Input material:

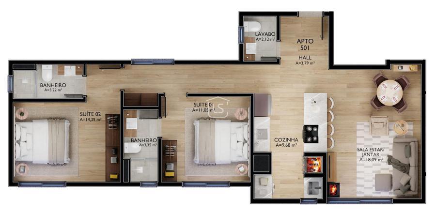 Apartamentos com 2 suítes, amplos e funcionais.
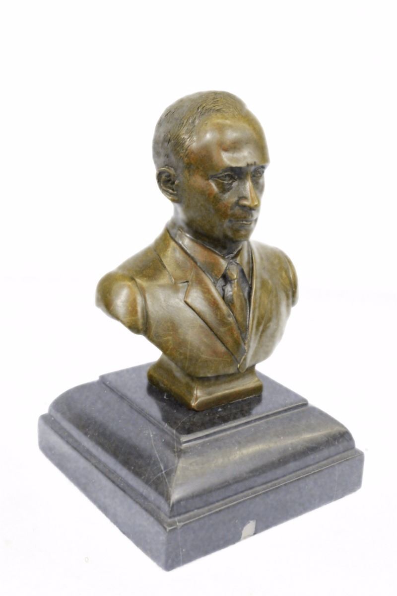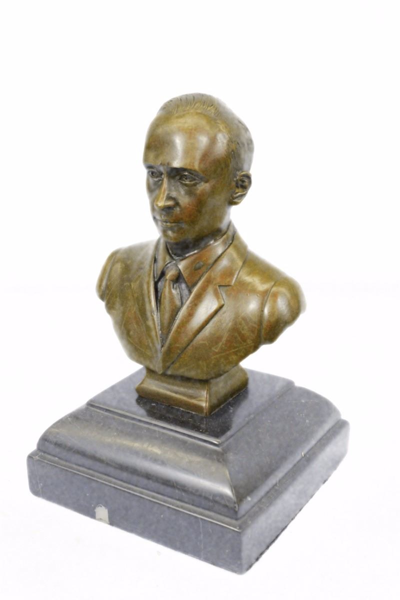 Vladimir Vladimirovich Putin Was Born October 7,1952 Served As The Second President Of The Russian Federation And Is The Current Prime Minister Of Russia, As Well As Chairman Of United Russia And Chairman Of The Council Of Ministers Of The Union Of Russia And Belarus. He Became Acring President On 31 December 1999, When President Boris Yeltsin Resigned In A Surprising Move. Putin Won The 2000 Presidential Election And In 2004 He Was Re-Elected For A Second Term Lasting Until May 7, 2008. Because Of Constitutionally Mandated Term Limits, Putin Was Ineligible To Run For A Third Consecutive Presidential Term. After The Victory Of His Successor, Dmitry Medvedev. In The 2008 Presidential Elections. Putin Was Nominated By Medvedev To Be Russia'S Prime Minister. Putin Took The Post On May 8, 2008. Putin Is Credited With Bringing Political Stability And Re-Establishing The Rule Of Law. During His Presidency, Russia'S Economy Bounced Back From Crisis, Seeing Gdp Increase By 72% In Ppp (Sixfold In Nominal), Poverty Decrease By More Than 50%, And Average Monthly Salaries Increase From $80 To $640. These Achievements Were Ascribed To Strong Macroeconomic Management, Important Fiscal Policy Reforms And A Confluence Of High Oil Prices, Surging Capital Inflows And Access To Low-Cost External Financing, And Were Described As Impressive By Analysts. This Beautiful Vladimir Vladimirovich Putin. Bronze Dimensions With Marble Base: Height 8 X Width 4 inches. Weight: 5 Lbs.
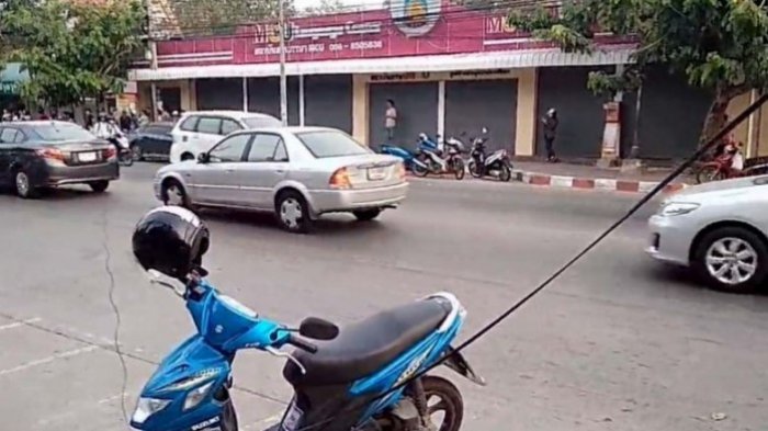 Ialah Maneenetr Charoenngao, 40, meninggal di jalan setelah lehernya menabrak kabel.
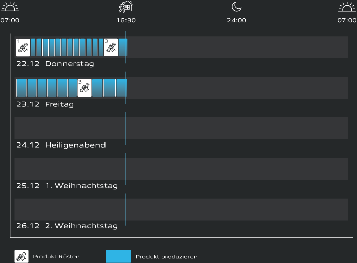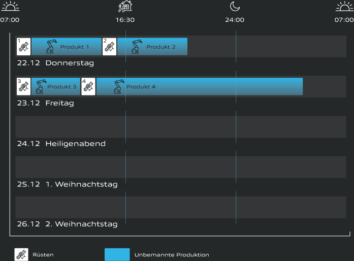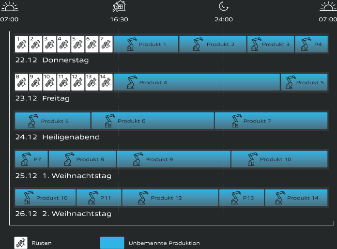Der erste und der zweite Weihnachtsfeiertag fallen 2022 auf einen Sonntag bzw. einen Montag. Heiligabend ist an einem Samstag. Wir gehen einmal davon aus, dass Ihre Mitarbeiter an allen drei Tagen wertvolle Zeit mit ihrer Familie verbringen werden. Von Freitag 17.00 Uhr bis Dienstag 7.00 Uhr sind es also 86 Stunden ohne Ihre Bediener. Wie viele Kleinserien können Sie in diesen 86 Stunden herstellen? Das hängt weitgehend von Ihrer Automatisierungsart ab. Nachfolgend haben wir ein paar Beispiele für Kleinserien für Sie zusammengestellt.
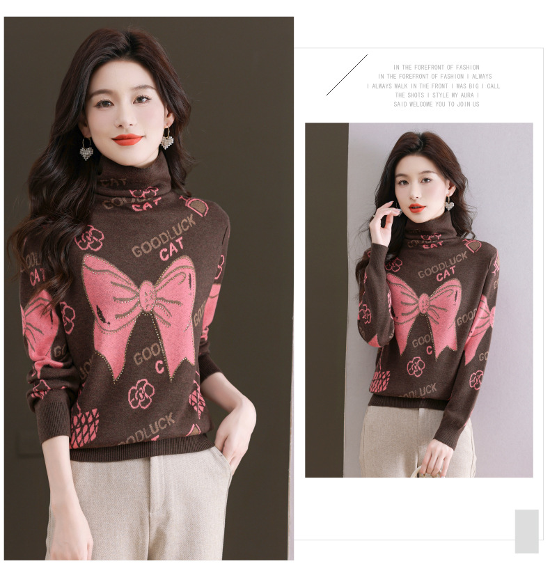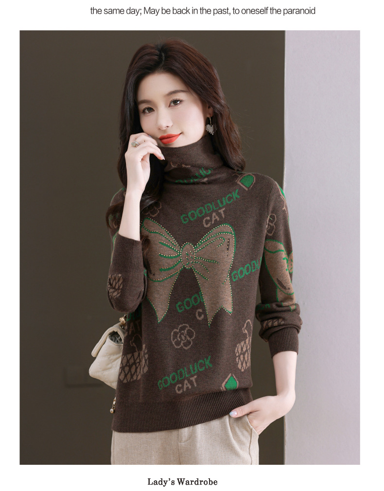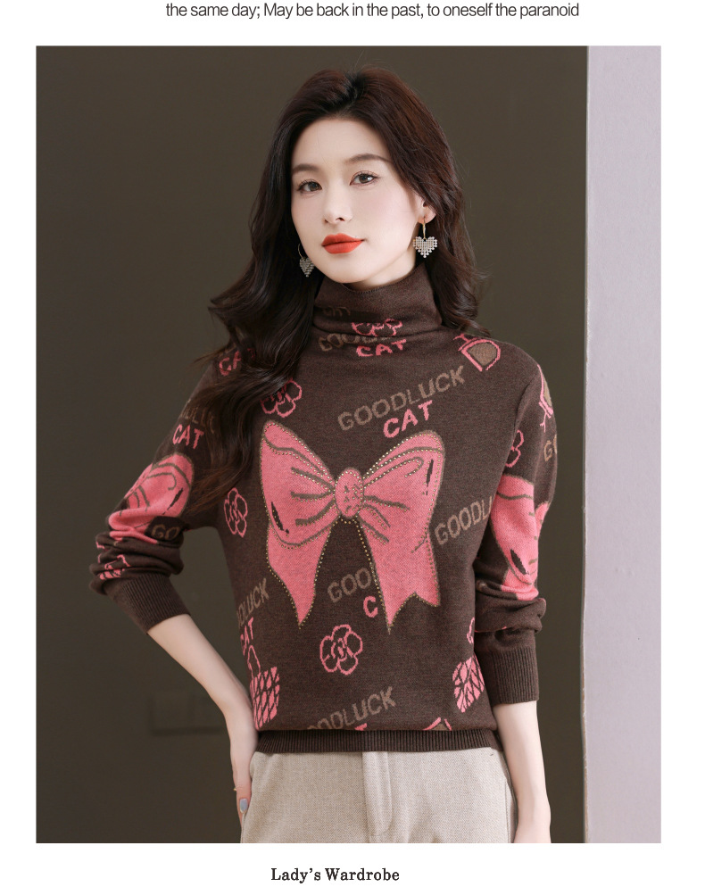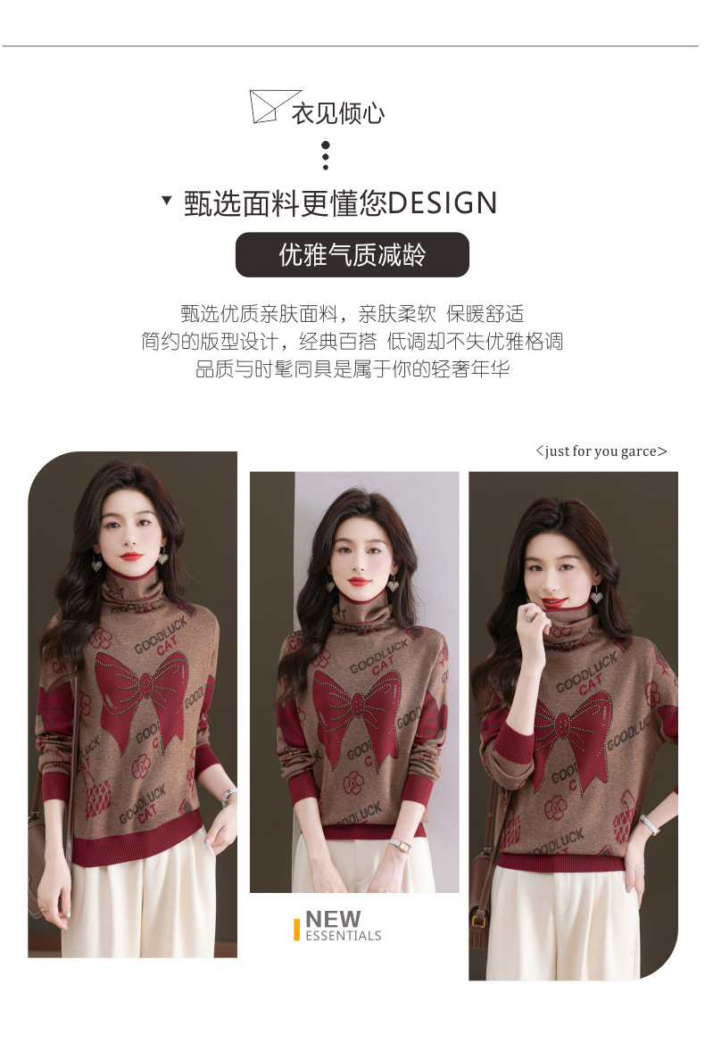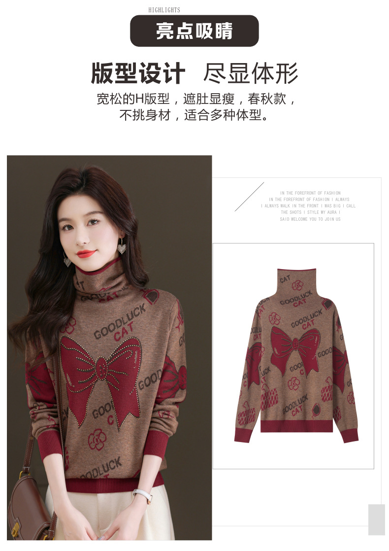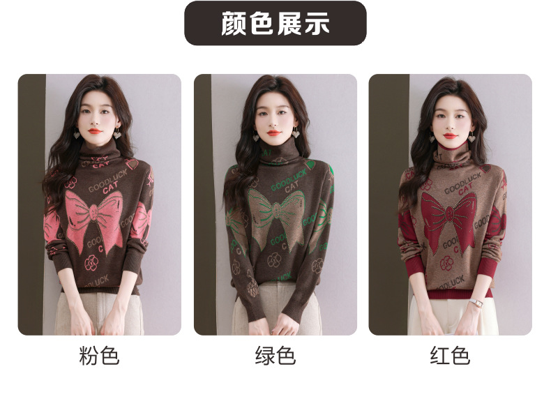CC-QG-6867堆堆领毛衣女士2024秋冬新款洋气羊毛针织衫宽松内搭打底小衫上衣
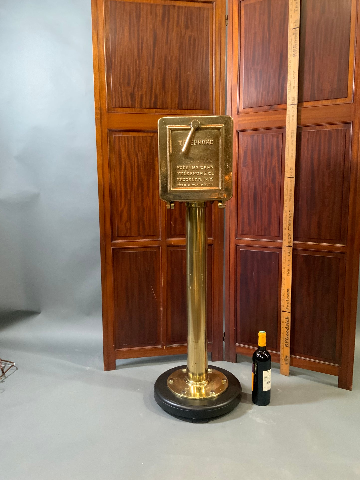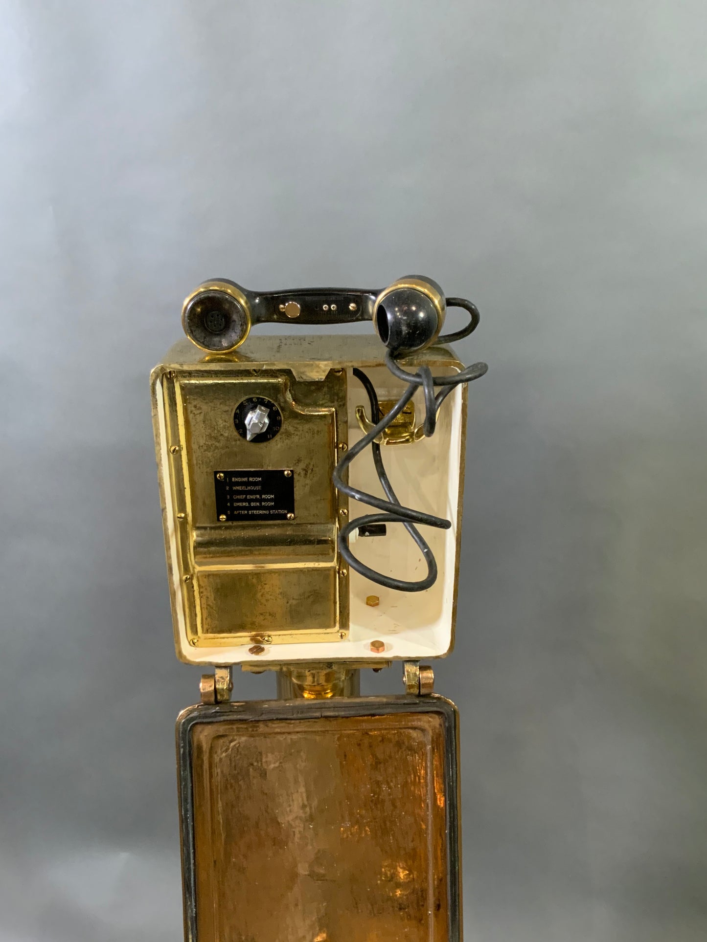 Solid brass ships telephone on pedestals. Phone is fitted inside an incredibly strong solid brass box that is highly polished and lacquered. Weight is 88 pounds. Dimensions 46 tall by 12 wide by 8 deep. $3295
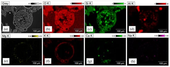 SEM/BSE image (a) of cenospheres in the Thermacoat™ and accompanying maps representing the distribution of O (b), Si (c), Al (d), Mg (e), K (f), Ca (g), and Na (h); the latter are the main constituents of cenospheres.

The task:
In your transcription of the listing above, match each line exactly and include no pictures.

Your response:
 Apartamentos com 2 suítes, amplos e funcionais.
 Vladimir Vladimirovich Putin Was Born October 7,1952 Served As The Second President Of The Russian Federation And Is The Current Prime Minister Of Russia, As Well As Chairman Of United Russia And Chairman Of The Council Of Ministers Of The Union Of Russia And Belarus. He Became Acring President On 31 December 1999, When President Boris Yeltsin Resigned In A Surprising Move. Putin Won The 2000 Presidential Election And In 2004 He Was Re-Elected For A Second Term Lasting Until May 7, 2008. Because Of Constitutionally Mandated Term Limits, Putin Was Ineligible To Run For A Third Consecutive Presidential Term. After The Victory Of His Successor, Dmitry Medvedev. In The 2008 Presidential Elections. Putin Was Nominated By Medvedev To Be Russia'S Prime Minister. Putin Took The Post On May 8, 2008. Putin Is Credited With Bringing Political Stability And Re-Establishing The Rule Of Law. During His Presidency, Russia'S Economy Bounced Back From Crisis, Seeing Gdp Increase By 72% In Ppp (Sixfold In Nominal), Poverty Decrease By More Than 50%, And Average Monthly Salaries Increase From $80 To $640. These Achievements Were Ascribed To Strong Macroeconomic Management, Important Fiscal Policy Reforms And A Confluence Of High Oil Prices, Surging Capital Inflows And Access To Low-Cost External Financing, And Were Described As Impressive By Analysts. This Beautiful Vladimir Vladimirovich Putin. Bronze Dimensions With Marble Base: Height 8 X Width 4 inches. Weight: 5 Lbs.
 Ialah Maneenetr Charoenngao, 40, meninggal di jalan setelah lehernya menabrak kabel.
Der erste und der zweite Weihnachtsfeiertag fallen 2022 auf einen Sonntag bzw. einen Montag. Heiligabend ist an einem Samstag. Wir gehen einmal davon aus, dass Ihre Mitarbeiter an allen drei Tagen wertvolle Zeit mit ihrer Familie verbringen werden. Von Freitag 17.00 Uhr bis Dienstag 7.00 Uhr sind es also 86 Stunden ohne Ihre Bediener. Wie viele Kleinserien können Sie in diesen 86 Stunden herstellen? Das hängt weitgehend von Ihrer Automatisierungsart ab. Nachfolgend haben wir ein paar Beispiele für Kleinserien für Sie zusammengestellt.
CC-QG-6867堆堆领毛衣女士2024秋冬新款洋气羊毛针织衫宽松内搭打底小衫上衣
 Solid brass ships telephone on pedestals. Phone is fitted inside an incredibly strong solid brass box that is highly polished and lacquered. Weight is 88 pounds. Dimensions 46 tall by 12 wide by 8 deep. $3295
 SEM/BSE image (a) of cenospheres in the Thermacoat™ and accompanying maps representing the distribution of O (b), Si (c), Al (d), Mg (e), K (f), Ca (g), and Na (h); the latter are the main constituents of cenospheres.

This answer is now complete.